Guests at thousands of U.S. hotels cannot directly reach emergency services when they dial 911, according to a survey performed after the 2013 death of a woman who was stabbed repeatedly in a Texas motel, while her daughter tried fruitlessly to dial the emergency number.
The survey by the American Hotel & Lodging Association showed that many hotels required callers to dial 9 before 911 or have some other system, such as calling the front desk first.
The results of the survey were released on Monday by Federal Communications Commission member Ajit Pai, who had sought information on dial-through 911 calls at hotels.

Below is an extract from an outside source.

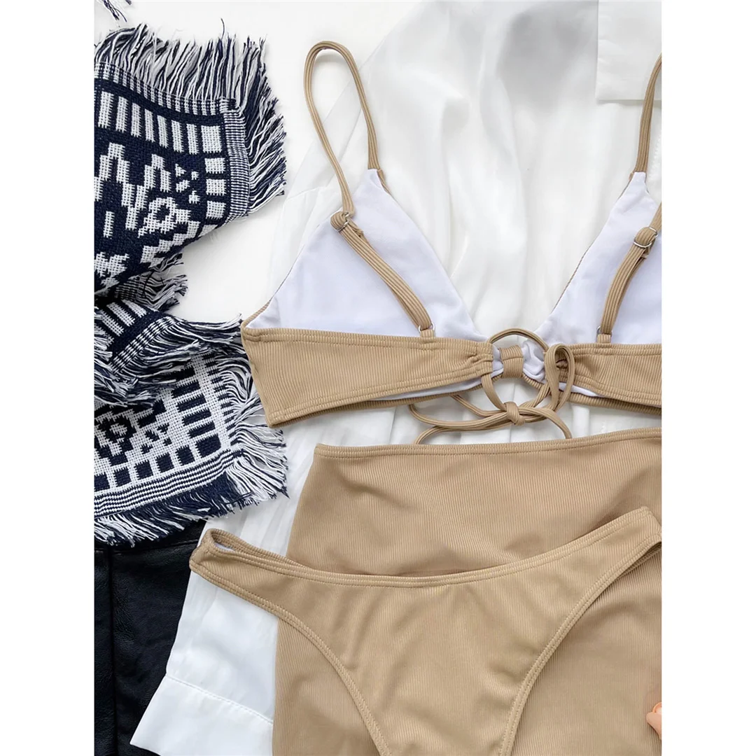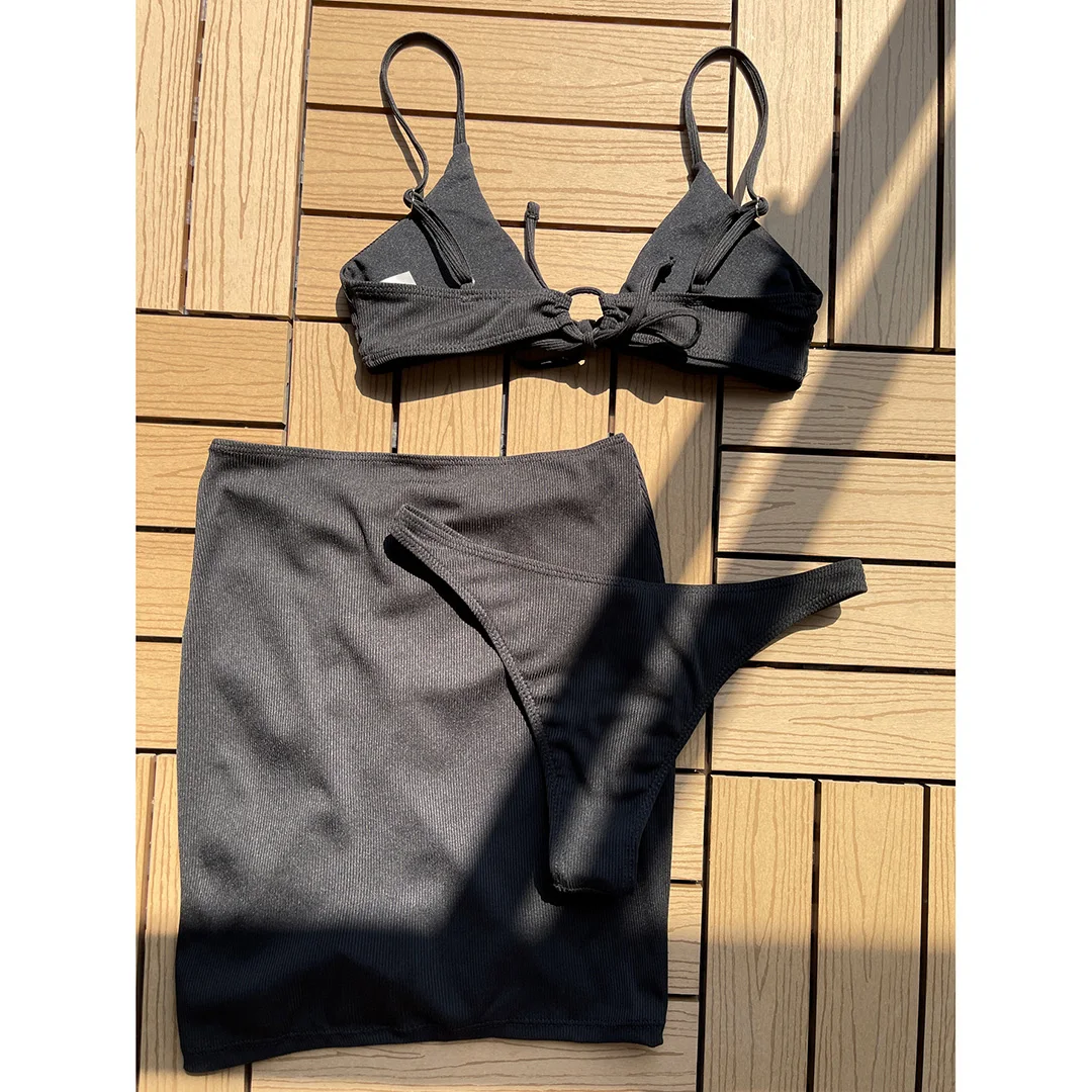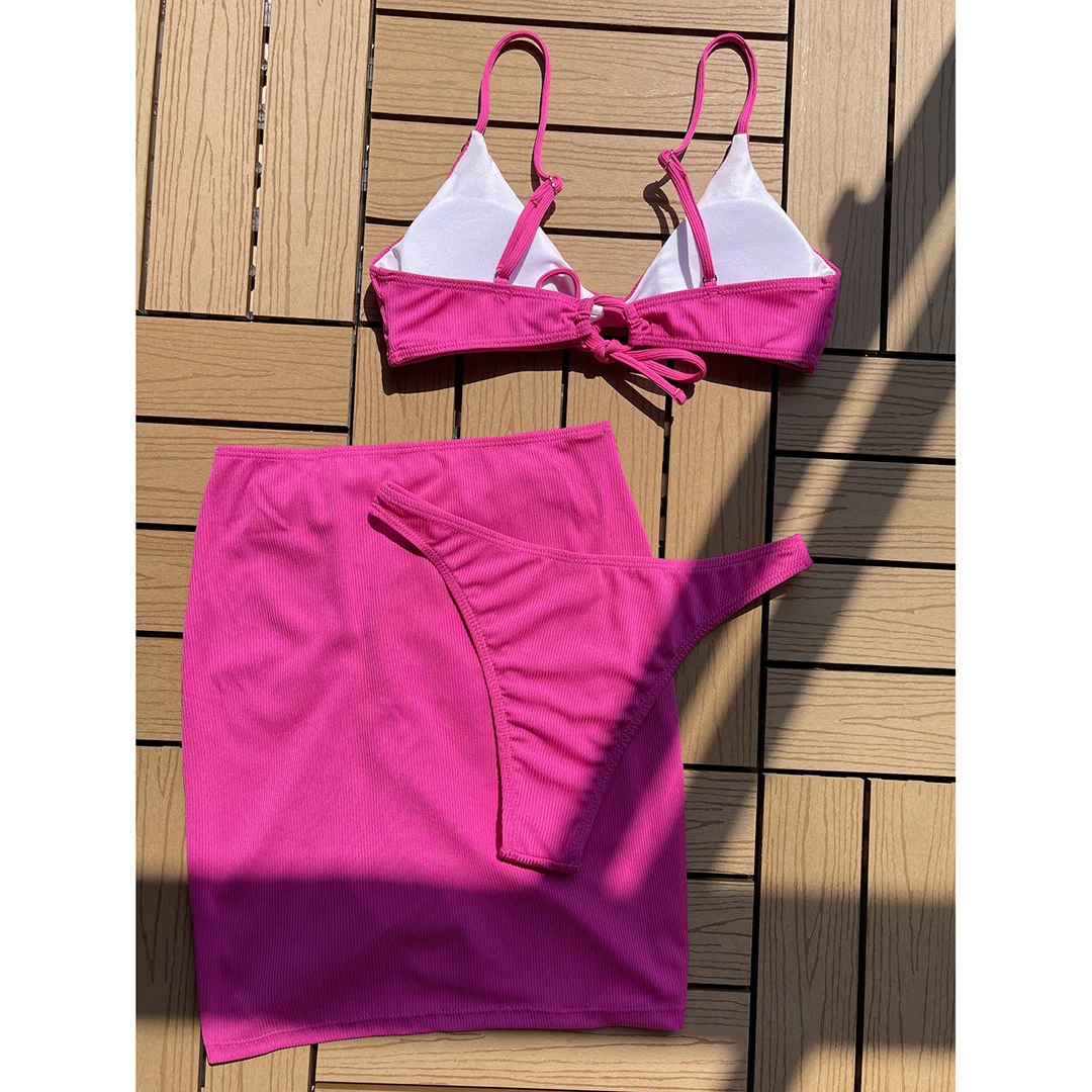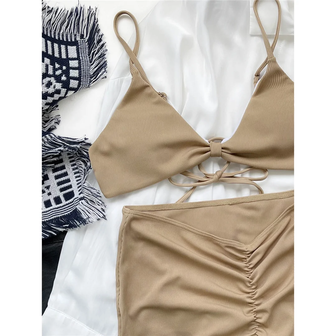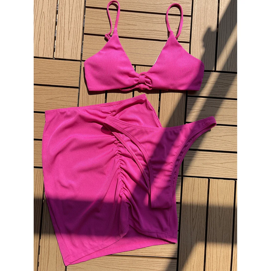 3 PCS Ribbed With Skirt Padded Bikini Female Swimsuit Women Swimwear Three-pieces Bikini set Bather Bathing Suit Swim Lady V3410
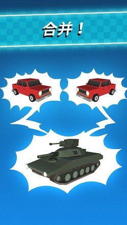 玩家能够通过合成同等级的车辆获取其他的车型进行游戏,包括了坦克、堆土机等车辆能够解锁,在一定的时间内利用氮气进行加速,在众多的赛道上进行狂飙,提高车辆的属性,车辆赚钱快速。

About 45 per cent of franchised hotels and motels and 32 per cent of independent hotels have direct 911 dialling, the survey found. Independent owners or franchise holders manage the great majority of hotels and motels, he said.
There some 53,000 lodging properties in the United States, according to the trade group that performed the study.
Pai said he was starting a new round of surveys with vendors of phone systems used in hotels and workplaces to see whether they could be configured to let dialers reach 911 quickly.
The survey was spurred by the December 2013 stabbing death of Kari Hunt Dunn in a Marshall, Texas, motel room.
Her nine-year-old daughter called 911 four times from the room but did not know she needed to dial 9 first to get an outside line.
The killing spurred a petition that has generated more than 440,000 signatures demanding that Congress require hotels and motels to enable direct dialling of 911.